::: Source data

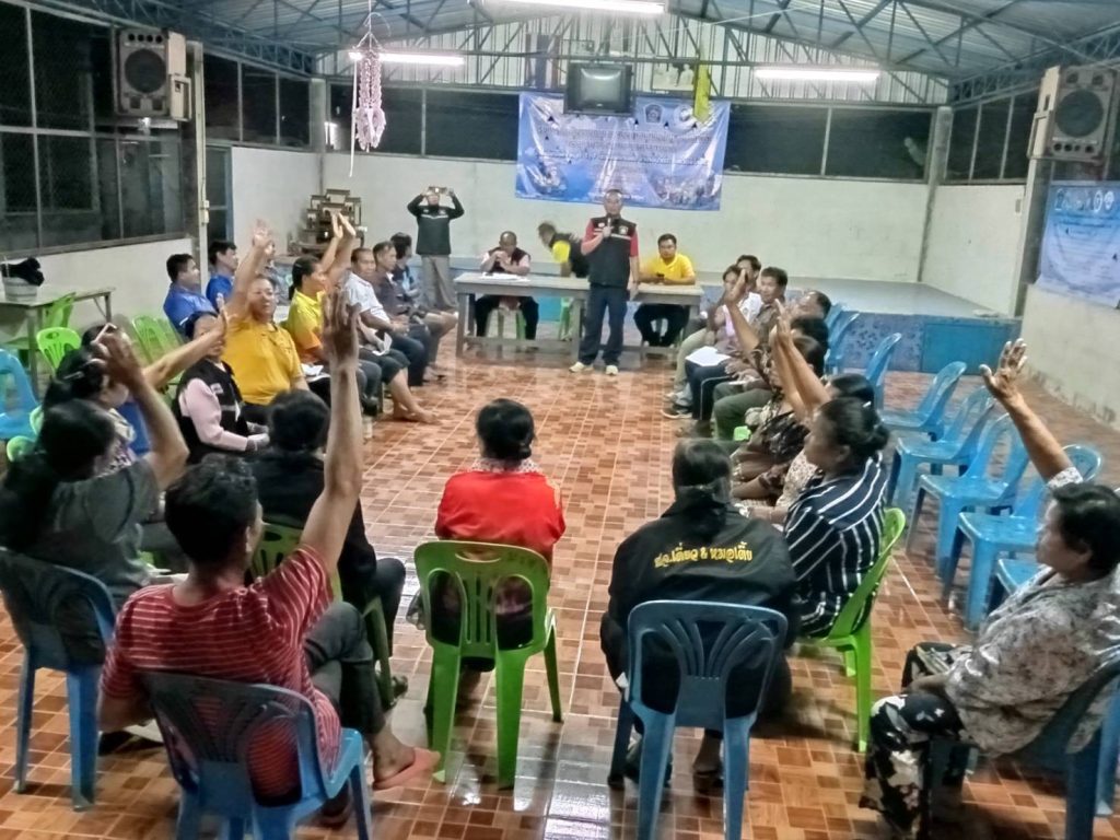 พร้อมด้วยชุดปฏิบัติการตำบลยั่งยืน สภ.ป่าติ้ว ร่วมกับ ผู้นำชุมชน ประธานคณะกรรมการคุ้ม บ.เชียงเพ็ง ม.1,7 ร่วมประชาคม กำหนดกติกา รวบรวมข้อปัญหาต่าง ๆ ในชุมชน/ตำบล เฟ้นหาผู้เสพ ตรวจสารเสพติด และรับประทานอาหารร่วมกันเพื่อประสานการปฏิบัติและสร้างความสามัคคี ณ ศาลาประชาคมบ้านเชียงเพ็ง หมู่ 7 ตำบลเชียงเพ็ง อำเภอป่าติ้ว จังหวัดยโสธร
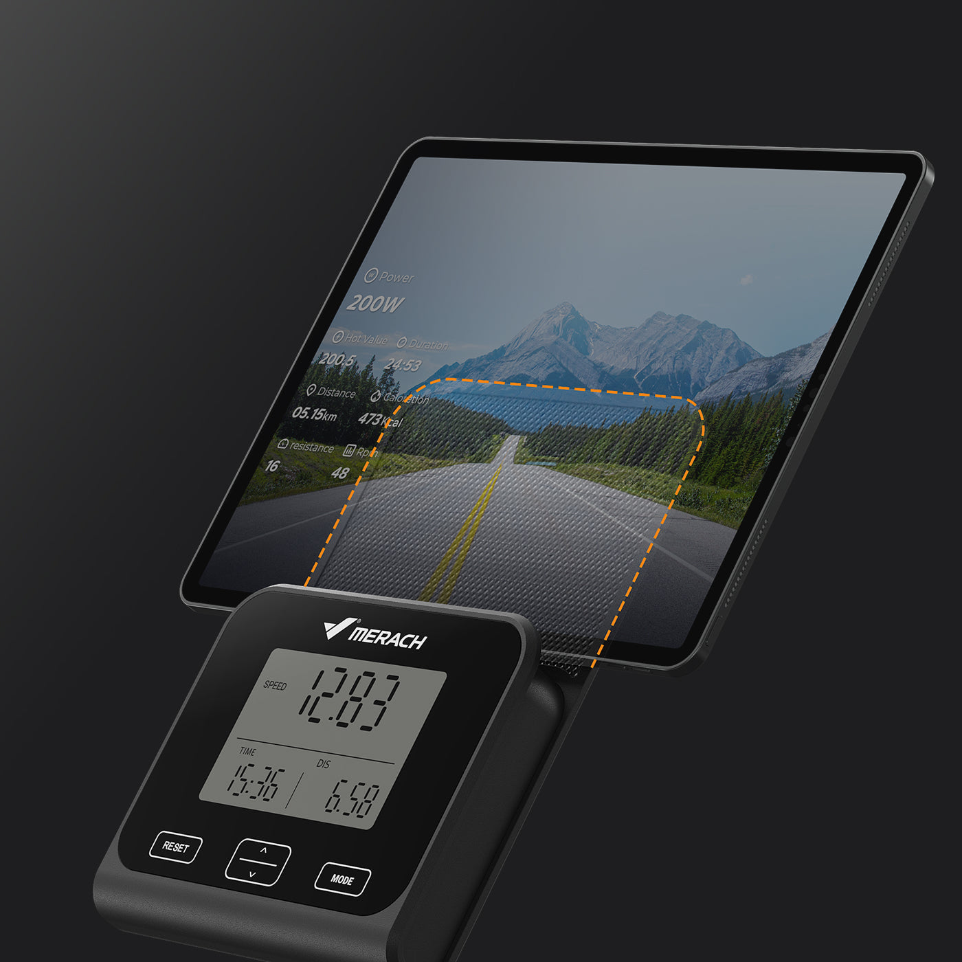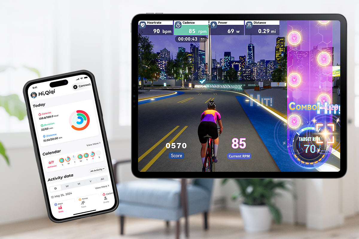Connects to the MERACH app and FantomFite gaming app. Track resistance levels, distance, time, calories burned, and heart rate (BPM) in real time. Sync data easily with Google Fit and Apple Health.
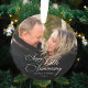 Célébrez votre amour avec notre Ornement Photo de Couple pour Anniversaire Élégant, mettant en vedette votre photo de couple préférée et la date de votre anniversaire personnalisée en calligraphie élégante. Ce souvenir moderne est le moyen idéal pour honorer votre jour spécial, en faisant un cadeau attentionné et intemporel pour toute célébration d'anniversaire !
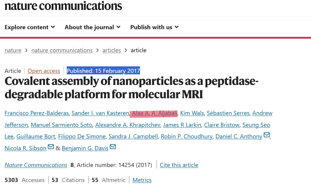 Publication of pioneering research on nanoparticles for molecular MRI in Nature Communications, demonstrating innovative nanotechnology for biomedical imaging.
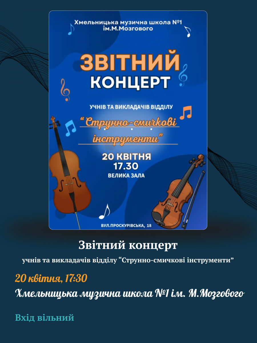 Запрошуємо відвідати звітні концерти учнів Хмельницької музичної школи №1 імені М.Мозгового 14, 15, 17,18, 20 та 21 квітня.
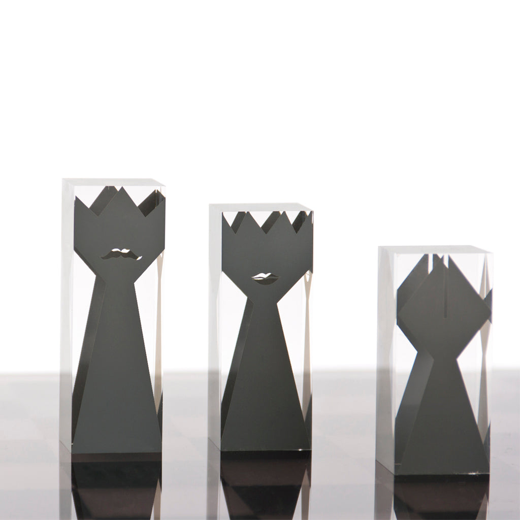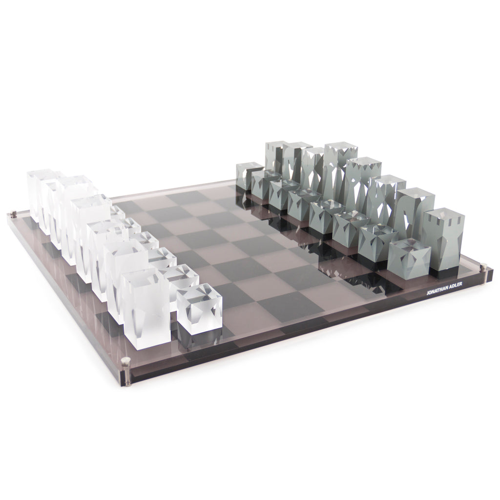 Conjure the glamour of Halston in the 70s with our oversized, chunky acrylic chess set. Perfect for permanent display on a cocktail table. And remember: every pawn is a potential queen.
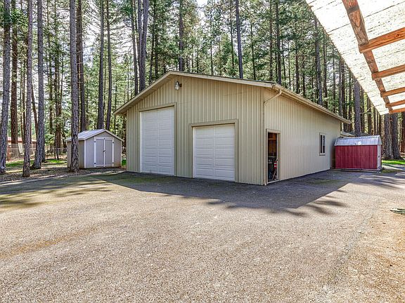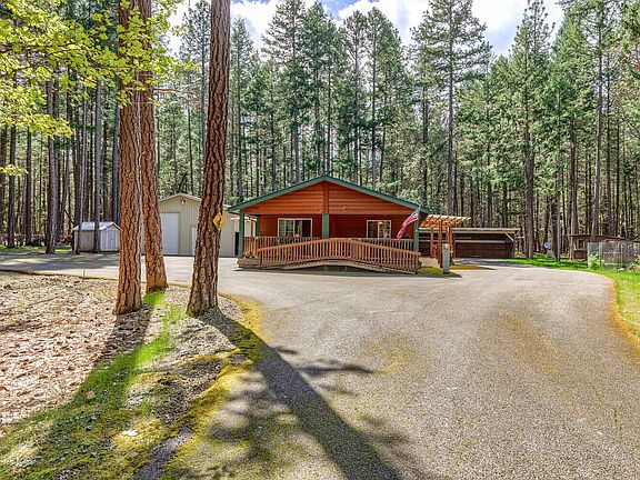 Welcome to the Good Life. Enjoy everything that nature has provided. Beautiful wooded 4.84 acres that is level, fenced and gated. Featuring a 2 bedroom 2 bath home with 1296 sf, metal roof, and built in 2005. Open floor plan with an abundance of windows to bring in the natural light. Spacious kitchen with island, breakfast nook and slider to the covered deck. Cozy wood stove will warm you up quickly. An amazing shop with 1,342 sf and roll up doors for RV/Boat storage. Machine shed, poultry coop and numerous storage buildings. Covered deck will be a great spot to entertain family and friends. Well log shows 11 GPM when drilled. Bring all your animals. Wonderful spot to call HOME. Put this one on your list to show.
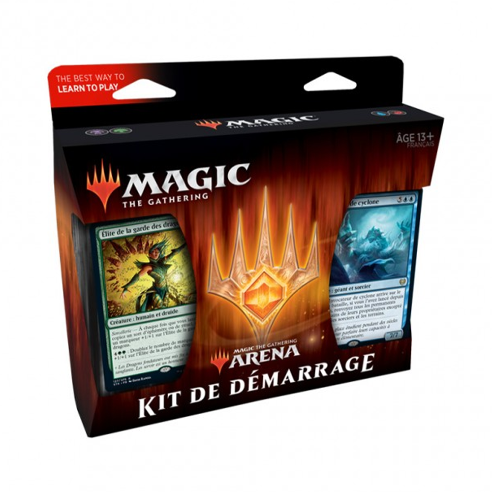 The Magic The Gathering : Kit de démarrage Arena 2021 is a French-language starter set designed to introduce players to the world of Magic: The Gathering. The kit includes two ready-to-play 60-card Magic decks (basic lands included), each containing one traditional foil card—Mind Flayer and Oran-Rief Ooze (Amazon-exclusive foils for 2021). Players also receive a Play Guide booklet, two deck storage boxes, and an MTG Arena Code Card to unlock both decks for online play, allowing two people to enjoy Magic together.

::::::
::: Source data

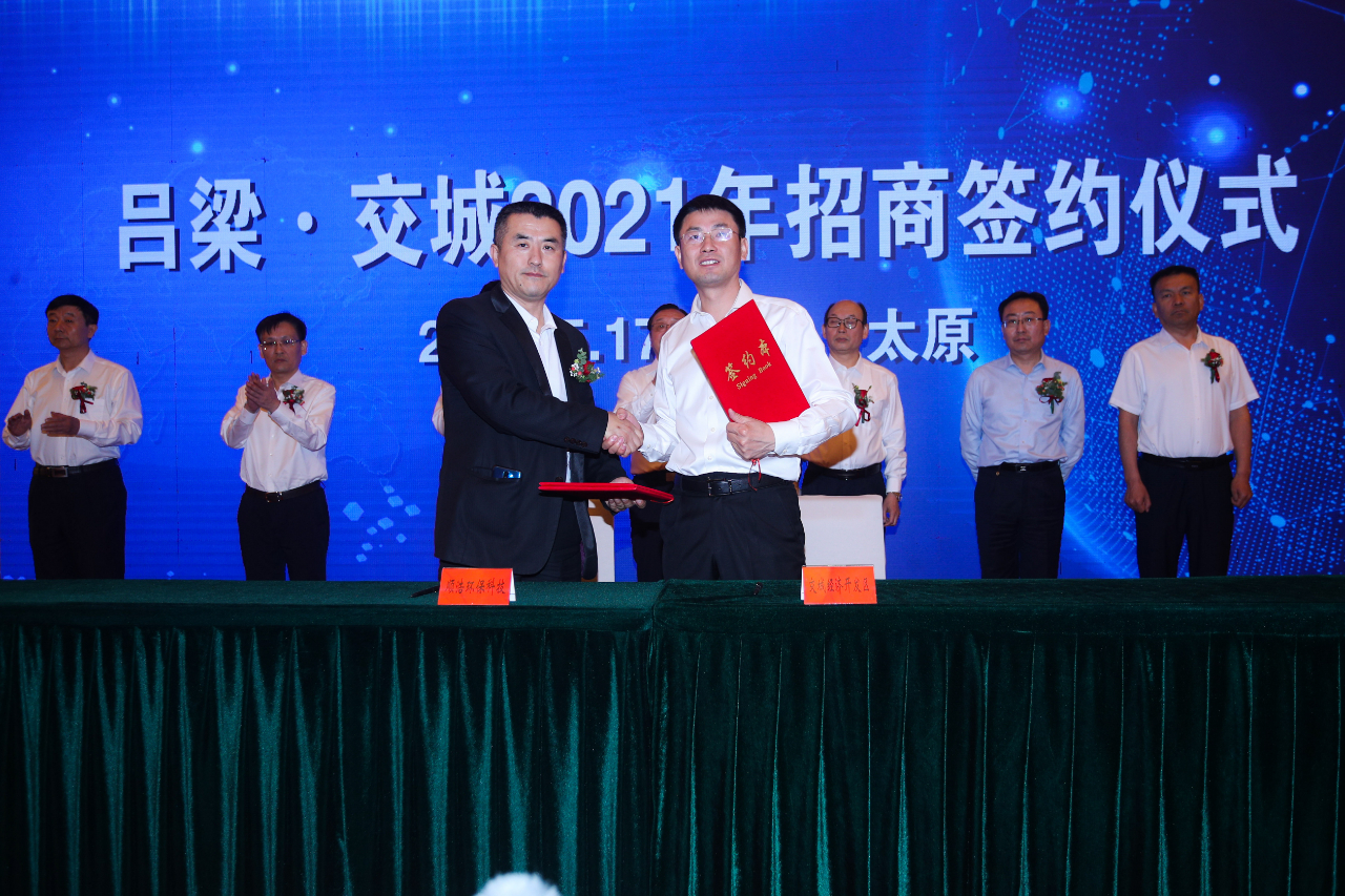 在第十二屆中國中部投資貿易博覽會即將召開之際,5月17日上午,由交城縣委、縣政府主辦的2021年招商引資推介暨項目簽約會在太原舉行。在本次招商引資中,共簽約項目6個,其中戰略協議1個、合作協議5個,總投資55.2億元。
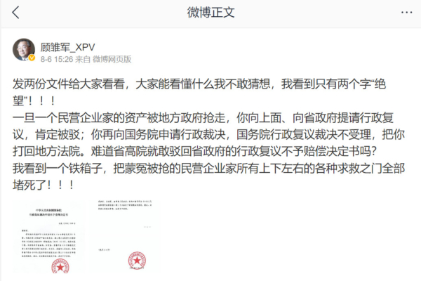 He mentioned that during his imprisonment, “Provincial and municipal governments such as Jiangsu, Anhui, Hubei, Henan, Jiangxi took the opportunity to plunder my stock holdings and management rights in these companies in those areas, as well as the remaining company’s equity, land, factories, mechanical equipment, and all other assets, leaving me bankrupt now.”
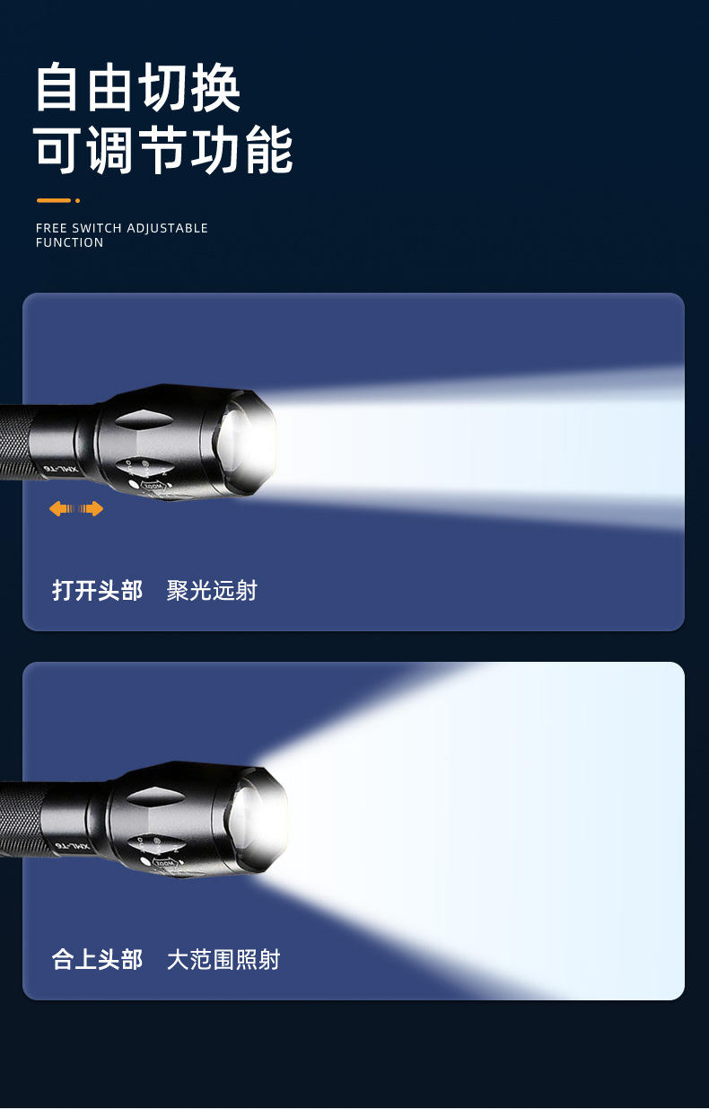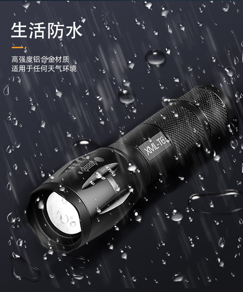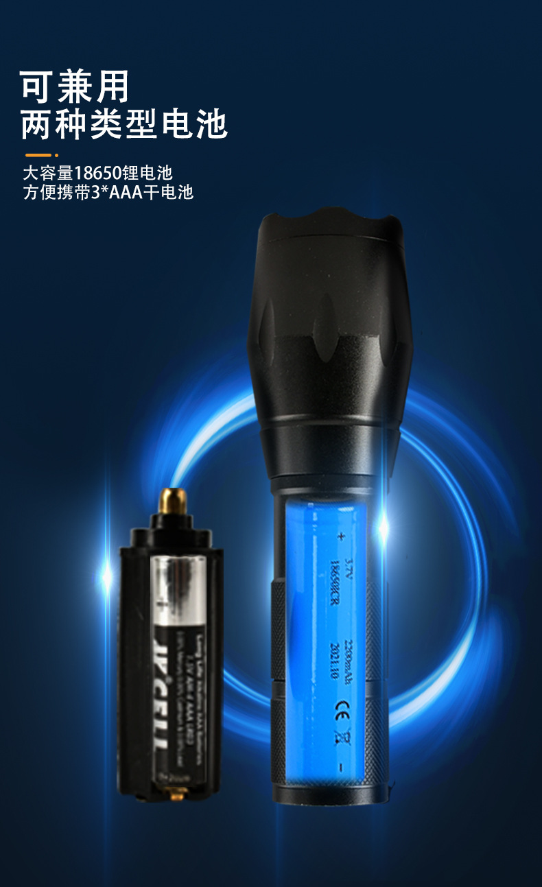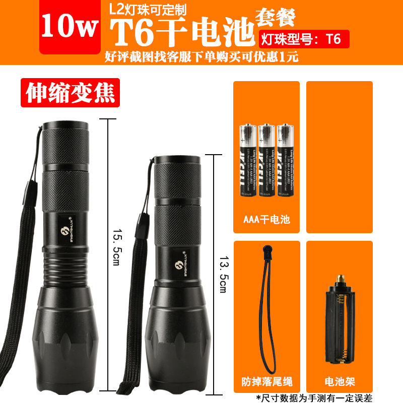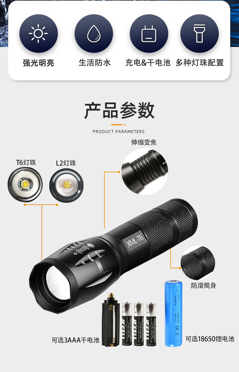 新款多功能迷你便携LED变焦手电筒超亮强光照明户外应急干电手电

::::::

Task objective: Nothing but the lines from the one with "Welcome to the" to the one with "The Magic The" above, both included, should be transcribed, exactly and without pictures.

Answer to the problem:
 Welcome to the Good Life. Enjoy everything that nature has provided. Beautiful wooded 4.84 acres that is level, fenced and gated. Featuring a 2 bedroom 2 bath home with 1296 sf, metal roof, and built in 2005. Open floor plan with an abundance of windows to bring in the natural light. Spacious kitchen with island, breakfast nook and slider to the covered deck. Cozy wood stove will warm you up quickly. An amazing shop with 1,342 sf and roll up doors for RV/Boat storage. Machine shed, poultry coop and numerous storage buildings. Covered deck will be a great spot to entertain family and friends. Well log shows 11 GPM when drilled. Bring all your animals. Wonderful spot to call HOME. Put this one on your list to show.
 The Magic The Gathering : Kit de démarrage Arena 2021 is a French-language starter set designed to introduce players to the world of Magic: The Gathering. The kit includes two ready-to-play 60-card Magic decks (basic lands included), each containing one traditional foil card—Mind Flayer and Oran-Rief Ooze (Amazon-exclusive foils for 2021). Players also receive a Play Guide booklet, two deck storage boxes, and an MTG Arena Code Card to unlock both decks for online play, allowing two people to enjoy Magic together.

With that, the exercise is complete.